Diagnostic testing are a series of tests that personal trainers do with all of their clients (if you have a PT and they haven't done these they aren't doing their job, quite simply- request them or get out) to ascertain your fitness level. The beauty of these is that you can do these and then assess your fitness level yourself. The trick with diagnostic testing is that you pre-test before you begin a program or new exercise regime and then you post-test after a meso-cycle (program of medium length approximately 6weeks) to assess progress. Whether you have already started a program or not I suggest you do these tests before your next workout, record your results and then use the workout below (or the one your already following), 6 weeks later return to these tests, if you have been working to your full potential and if your workout has been slowly increasing in difficulty and intensity then you should see increased performance in your fitness results. Please take note that the tests need to be completed in roughly the same conditions. For example, if pre-test is completed at 5am make sure the post test is completed at the same time.
The diagnostic tests are:
- The 12 minute run. Don't do this on a treadmill. Select a route in public, preferably away from traffic lights (they will slow down your pace). Run as hard and as fast as you can, record where you get to either on an app like MapMyRun or just notice a landmark nearby to you.

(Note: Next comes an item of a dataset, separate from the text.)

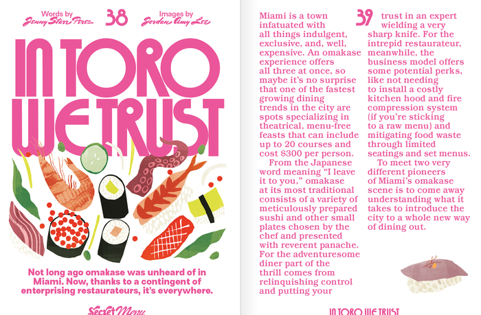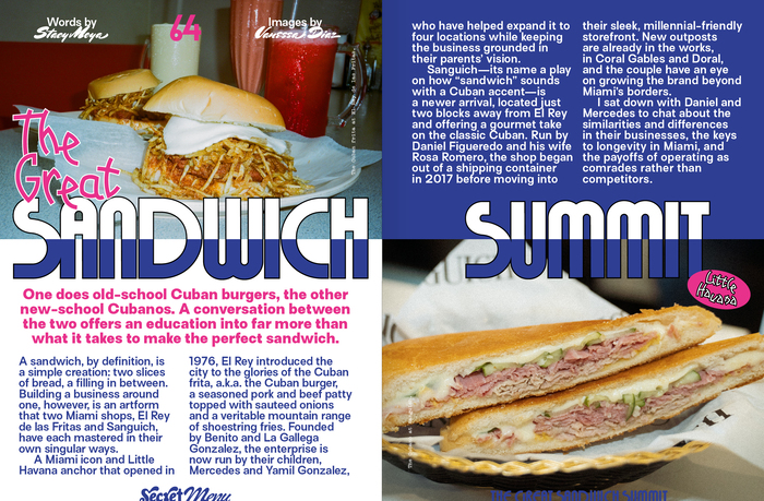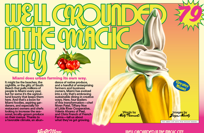 The design team for this project included Sebastien Millot, Michelle Phillips, and Kir Nazarov, with production by Mike Teevee. David Amsden and Erin Ruffin are the editors-in-chief of the magazine. According to Phillips, “for the Miami Issue for Secret Menu, we wanted to bring the instantly recognisable world of Iconic Miami’s Mimo and Art Deco style together with its lax small-town scrappiness by combining a geometric sans (Megascope), with a brush script (Ed’s Market) to really bring out Miami’s almighty food culture scene.”
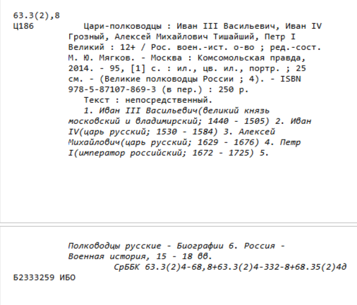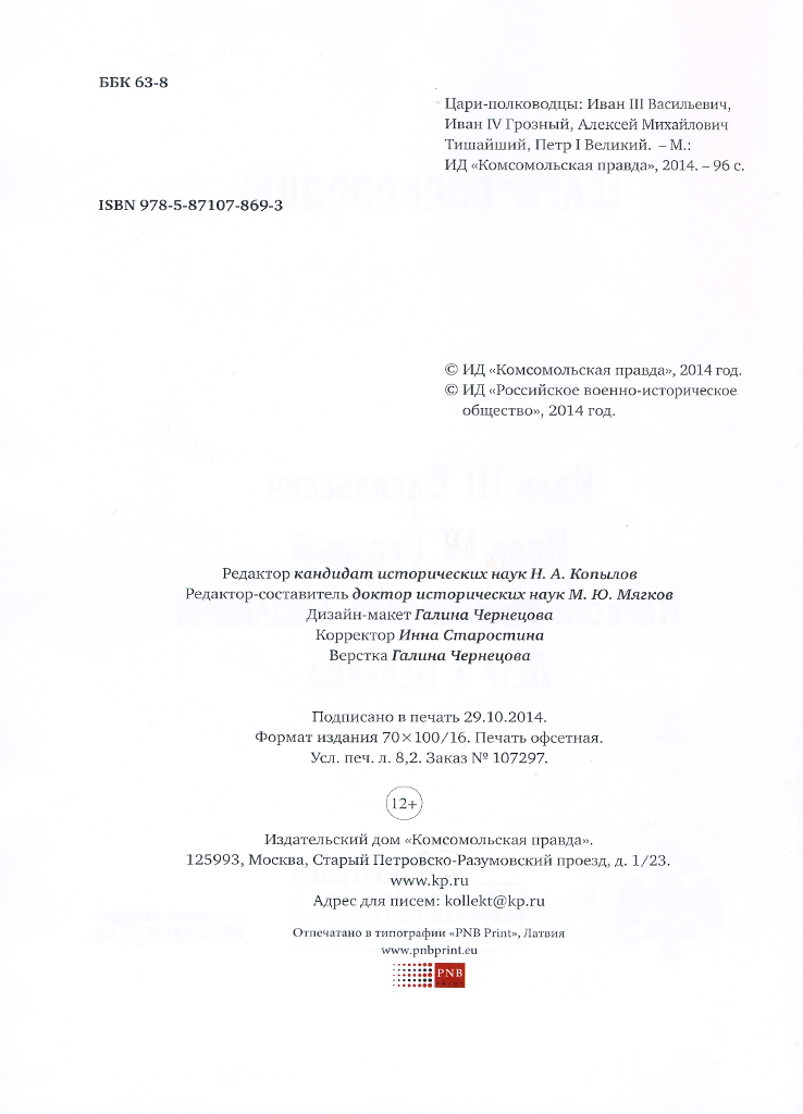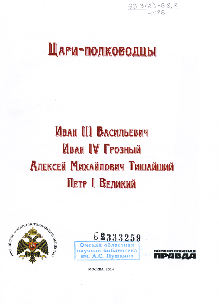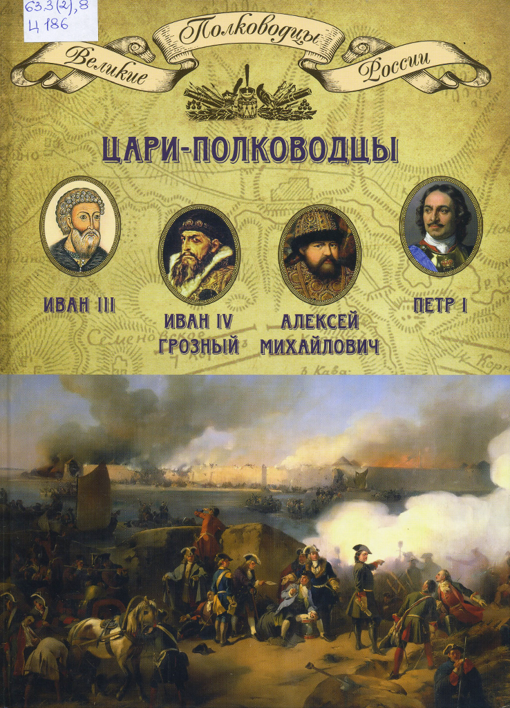 Цари-полководцы: Иван III Васильевич, Иван IV Грозный, Алексей Михайлович Тишайший, Петр I Великий / Рос. воен.-ист. о-во; ред.-сост. М. Ю. Мягков. – Москва: Комсомольская правда, 2014. – 95 с.: ил., цв. ил., портр. – (Великие полководцы России; 4).

- 1min row x3 (rowing machine required). Row as hard and as fast as you can for a minute. Record your distance. Don't stress it will get better. I started out very inconsistently with my best at 220 and now I average 285m a minute. Rest for 30 seconds after your first minute and then repeat. Average your score, this becomes your pre-test score. Your goal initially is as hard and as fast as you can, as you get better you should be aiming to make your watt graph (option on all rowing machines) to be flat- so your pace is consistent throughout.
- Push ups/sit up test- it is simple but important to find out your endurance levels. Most push ups and sit ups (do push ups first followed by a bit of rest and then sit ups- if done with a partner your rest is while the partner is going) you can do in a minute. Record your results.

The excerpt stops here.